Pretty common then (and even now, in some places) to let farm cats breed at will and then whisk away the kittens afterwards. I guess there wasn’t much else to do before spaying was possible. The cats had a job to do on the farm.

It’s one of those bits of the past that’s hard to reconcile yourself to, though. They would think we’re utter pussies for crying over something that can’t be helped. Whereas the idea of tying adorable kittehs into a sack and pitching them in the pond makes sweat bead along my hairline.

Let alone screwing them into a collection jar with a bit of chloroform-soaked cotton.


Comment from Allen
Time: August 25, 2009, 3:26 pm

There is one sort of taxidermy I like. The idea of skinning and stuffing Mao and Lenin gives me a tingle.


Comment from weirdsister
Time: August 25, 2009, 4:12 pm

This is definitely creepy. The taxidermy tableaux may have lost it’s charm in the art world for animals, but it has come back by way of the Bodies exhibit with skinned humans of all ages and stages of gestation. Now THAT is some truly sick-assed shit. Dr. Mengele, anyone?


Comment from S. Weasel
Time: August 25, 2009, 4:22 pm

I saw that exhibit in Boston, weirdsister. It was definitely creepy, though in a somewhat different way. The subjects, which look like they’re made of plastic in photos, are distinctly less tidy in person. Like they’re molded out of colored beef jerky.

And the artier ones — like the one where he cut square sections out of the body and slid them out like drawers — are just dude, seriously.


Comment from Enas Yorl
Time: August 25, 2009, 5:24 pm

Oh yah, the Bodies exhibit. We have that in Vegas too and it was definitely funky. One of the more amazing ones was of a fairly complete circulatory system standing up and staring out of its box. Going through it I couldn’t help but wonder how many of the subjects were originally Chinese and whether or not their participation was entirely voluntary.


Comment from S. Weasel
Time: August 25, 2009, 5:45 pm

Yeah, the Chinese controversy definitely put a different — and queasier — light on it.

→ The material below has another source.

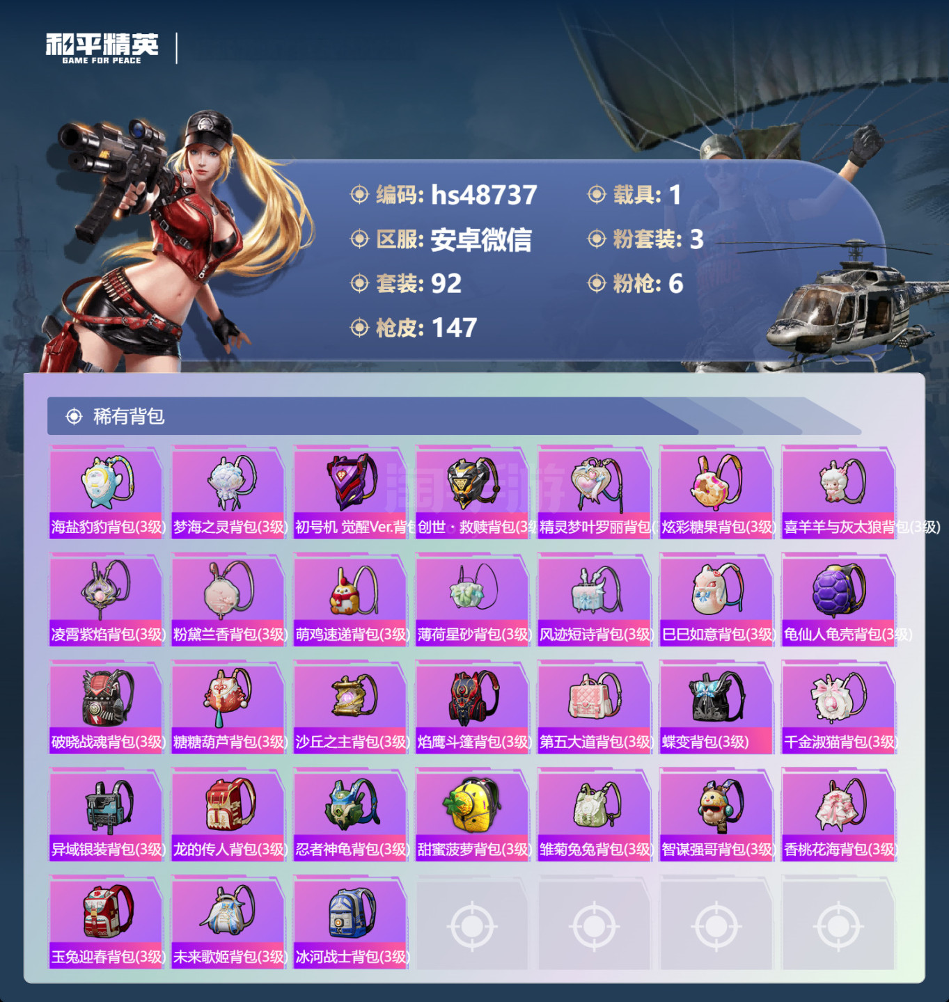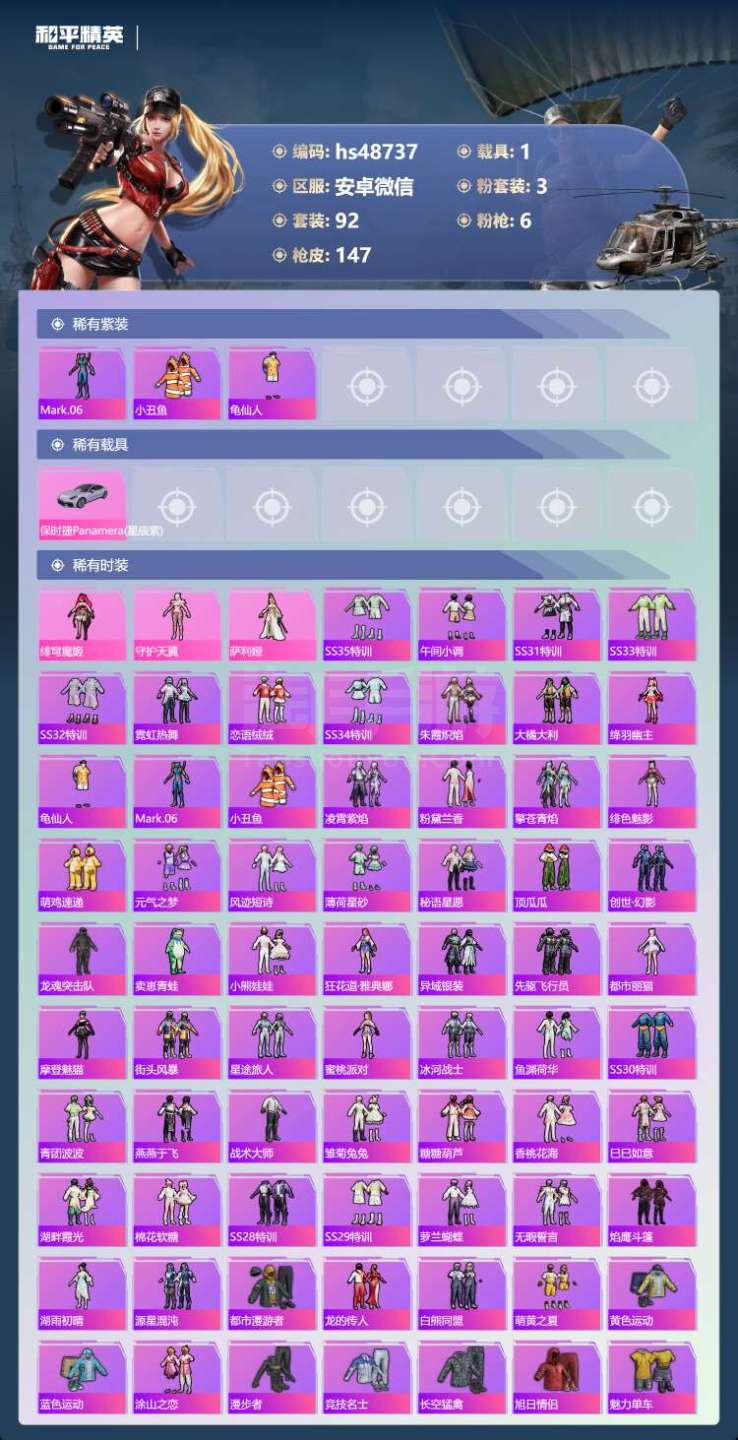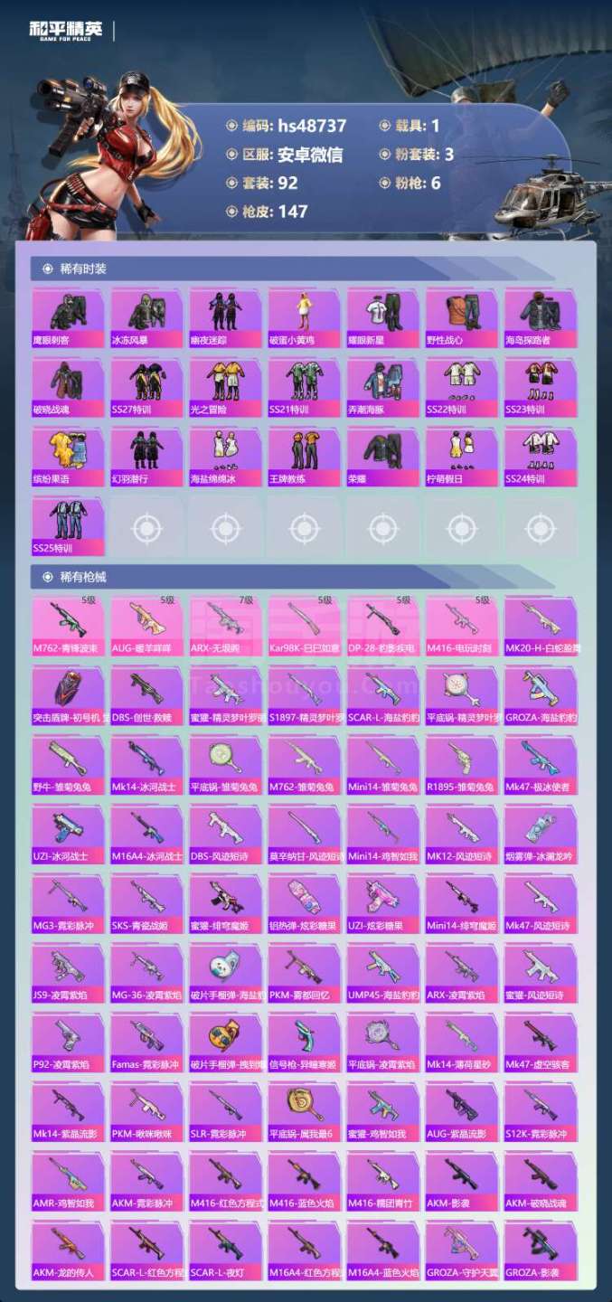 hs48737 安卓v-12王牌印记-3粉装-6特效枪-1载具-44058热力值-92套装-147

I still haven’t worked out how they managed to dissolve a whole rabbit except for the veins and arteries, leaving a perfectly rabbit-shaped tangle of red spaghetti.


Comment from Uncle Badger
Time: August 25, 2009, 8:03 pm

They immersed it in Diet Coke.

Trust me.

Or not.


Comment from \’Nother Dave
Time: August 26, 2009, 9:23 am

If you’d like the occasional weird without the creep I suggest Curious Expeditions.

http://curiousexpeditions.org/


Comment from tawny
Time: August 26, 2009, 3:34 pm

Hope I’m not too late with this news, you still have time to head to Bristol.

An auction featuring rare 19th century items of taxidermy, including a mummified human hand and a two-headed calf is set to go ahead.

http://www.telegraph.co.uk/news/newstopics/howaboutthat/6088492/Mummified-human-hand-and-two-headed-calf-to-be-auctioned.html


Comment from Oh Hell
Time: January 5, 2011, 3:18 am

I have a friend (Really, I do…) who used to clean houses in Aspen, the really ritzi ones. She opens a door and there is life size, real, LION standing there. Stuffed, fortunately. She said she didn’t piss herself, but she did let out a pretty good scream.